PROVIDED MATERIAL:
☆ ☆ ☆ ☆ ☆

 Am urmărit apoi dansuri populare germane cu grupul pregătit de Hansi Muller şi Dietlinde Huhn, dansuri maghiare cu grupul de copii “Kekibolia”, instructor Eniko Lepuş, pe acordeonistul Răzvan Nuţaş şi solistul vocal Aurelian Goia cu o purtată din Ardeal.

☆ ☆ ☆ ☆ ☆

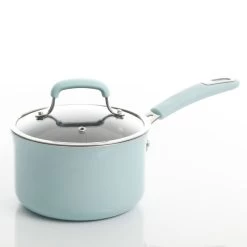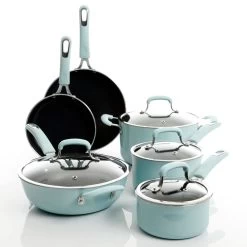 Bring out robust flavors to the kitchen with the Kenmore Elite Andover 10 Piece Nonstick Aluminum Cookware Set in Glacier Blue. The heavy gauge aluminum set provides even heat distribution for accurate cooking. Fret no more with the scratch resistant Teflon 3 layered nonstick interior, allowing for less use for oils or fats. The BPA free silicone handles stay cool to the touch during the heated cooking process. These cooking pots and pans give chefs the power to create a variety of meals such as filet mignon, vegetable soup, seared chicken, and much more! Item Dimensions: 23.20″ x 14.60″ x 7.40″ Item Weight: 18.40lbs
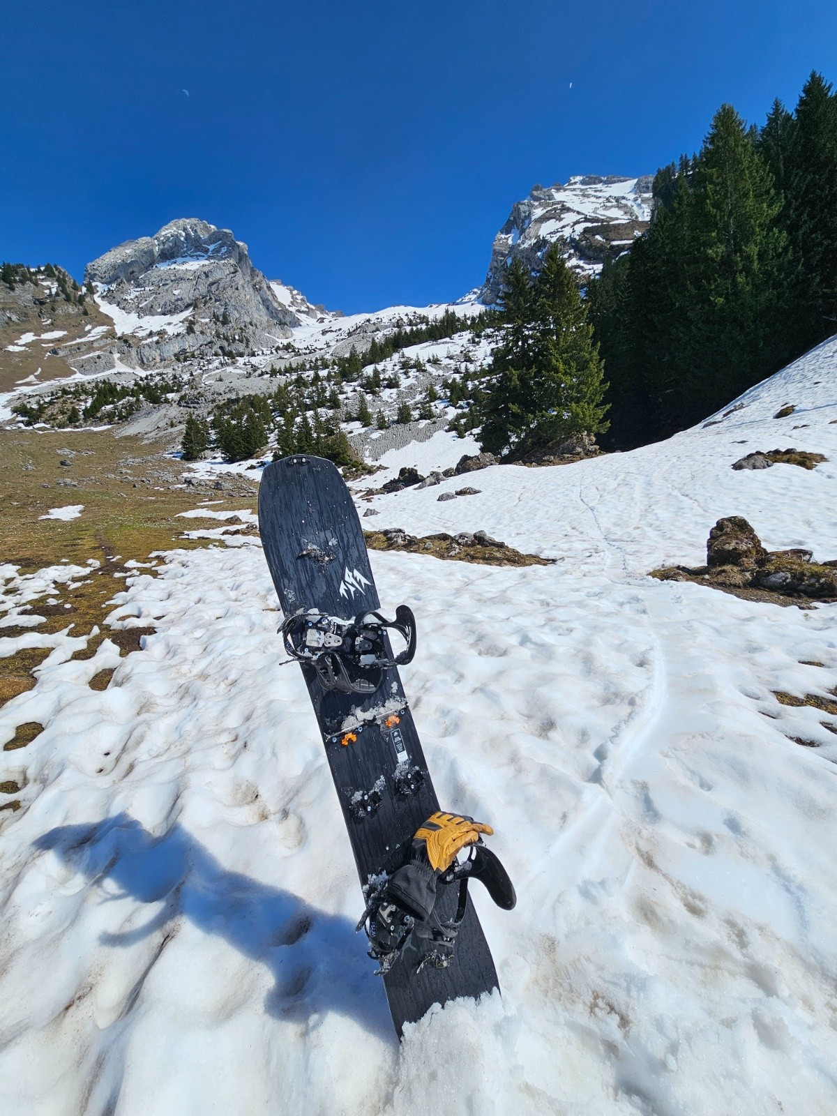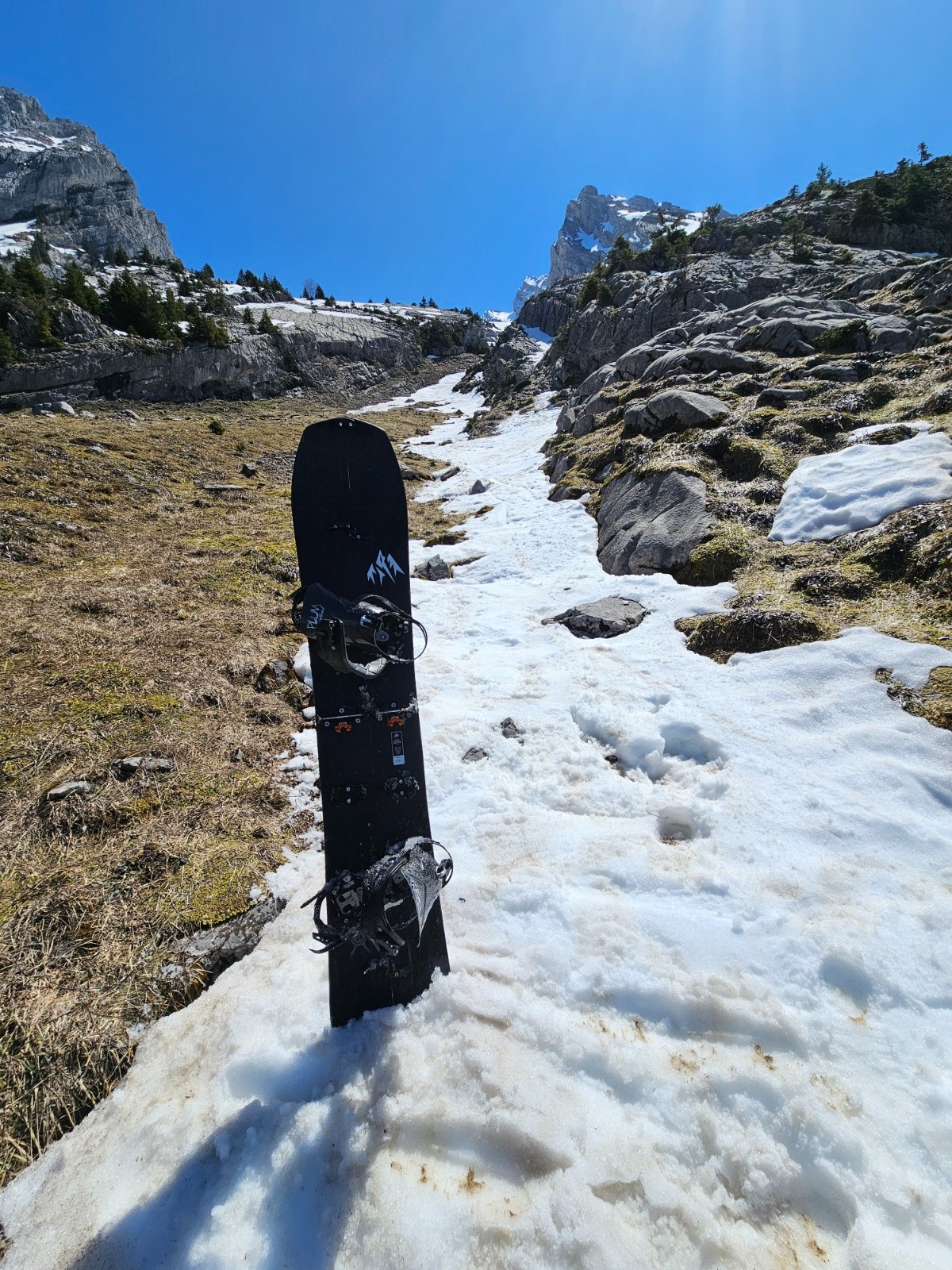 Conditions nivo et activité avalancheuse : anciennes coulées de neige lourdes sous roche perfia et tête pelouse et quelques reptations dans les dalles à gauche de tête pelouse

☆ ☆ ☆ ☆ ☆

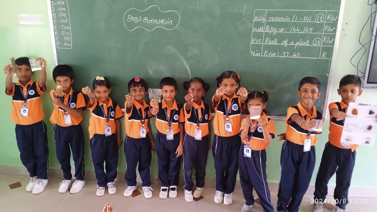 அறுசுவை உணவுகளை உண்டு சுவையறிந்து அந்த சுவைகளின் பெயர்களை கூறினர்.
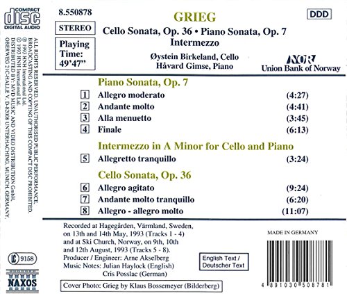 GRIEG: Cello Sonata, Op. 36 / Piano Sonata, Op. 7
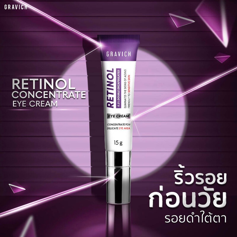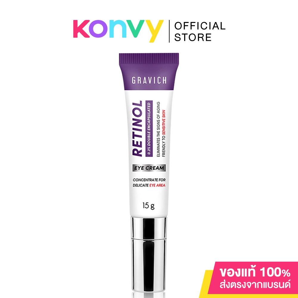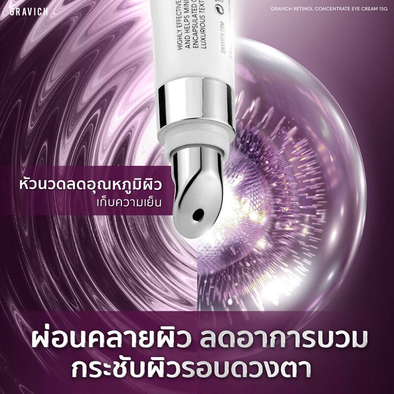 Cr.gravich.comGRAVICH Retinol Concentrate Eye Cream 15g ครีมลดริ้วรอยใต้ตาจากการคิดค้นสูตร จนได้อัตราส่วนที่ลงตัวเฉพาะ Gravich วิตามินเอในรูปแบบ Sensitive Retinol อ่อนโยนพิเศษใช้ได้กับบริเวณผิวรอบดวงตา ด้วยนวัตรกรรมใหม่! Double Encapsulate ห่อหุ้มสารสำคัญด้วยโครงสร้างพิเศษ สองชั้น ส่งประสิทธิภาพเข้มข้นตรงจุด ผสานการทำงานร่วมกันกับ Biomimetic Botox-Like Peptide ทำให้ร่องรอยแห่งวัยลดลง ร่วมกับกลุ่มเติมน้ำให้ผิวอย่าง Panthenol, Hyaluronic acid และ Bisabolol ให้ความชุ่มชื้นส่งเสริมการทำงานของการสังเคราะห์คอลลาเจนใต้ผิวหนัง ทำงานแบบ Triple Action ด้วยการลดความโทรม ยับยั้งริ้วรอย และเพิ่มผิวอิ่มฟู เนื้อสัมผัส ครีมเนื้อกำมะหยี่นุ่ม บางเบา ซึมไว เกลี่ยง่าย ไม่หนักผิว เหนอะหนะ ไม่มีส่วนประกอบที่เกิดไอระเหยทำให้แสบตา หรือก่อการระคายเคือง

☆ ☆ ☆ ☆ ☆

In the records above, find the line with "GRIEG: Cello Sonata, Op." and the line with "Cr.gravich.comGRAVICH Retinol Concentrate", then restate word for word only those two lines and all lines between, omitting pictures.

 GRIEG: Cello Sonata, Op. 36 / Piano Sonata, Op. 7
 Cr.gravich.comGRAVICH Retinol Concentrate Eye Cream 15g ครีมลดริ้วรอยใต้ตาจากการคิดค้นสูตร จนได้อัตราส่วนที่ลงตัวเฉพาะ Gravich วิตามินเอในรูปแบบ Sensitive Retinol อ่อนโยนพิเศษใช้ได้กับบริเวณผิวรอบดวงตา ด้วยนวัตรกรรมใหม่! Double Encapsulate ห่อหุ้มสารสำคัญด้วยโครงสร้างพิเศษ สองชั้น ส่งประสิทธิภาพเข้มข้นตรงจุด ผสานการทำงานร่วมกันกับ Biomimetic Botox-Like Peptide ทำให้ร่องรอยแห่งวัยลดลง ร่วมกับกลุ่มเติมน้ำให้ผิวอย่าง Panthenol, Hyaluronic acid และ Bisabolol ให้ความชุ่มชื้นส่งเสริมการทำงานของการสังเคราะห์คอลลาเจนใต้ผิวหนัง ทำงานแบบ Triple Action ด้วยการลดความโทรม ยับยั้งริ้วรอย และเพิ่มผิวอิ่มฟู เนื้อสัมผัส ครีมเนื้อกำมะหยี่นุ่ม บางเบา ซึมไว เกลี่ยง่าย ไม่หนักผิว เหนอะหนะ ไม่มีส่วนประกอบที่เกิดไอระเหยทำให้แสบตา หรือก่อการระคายเคือง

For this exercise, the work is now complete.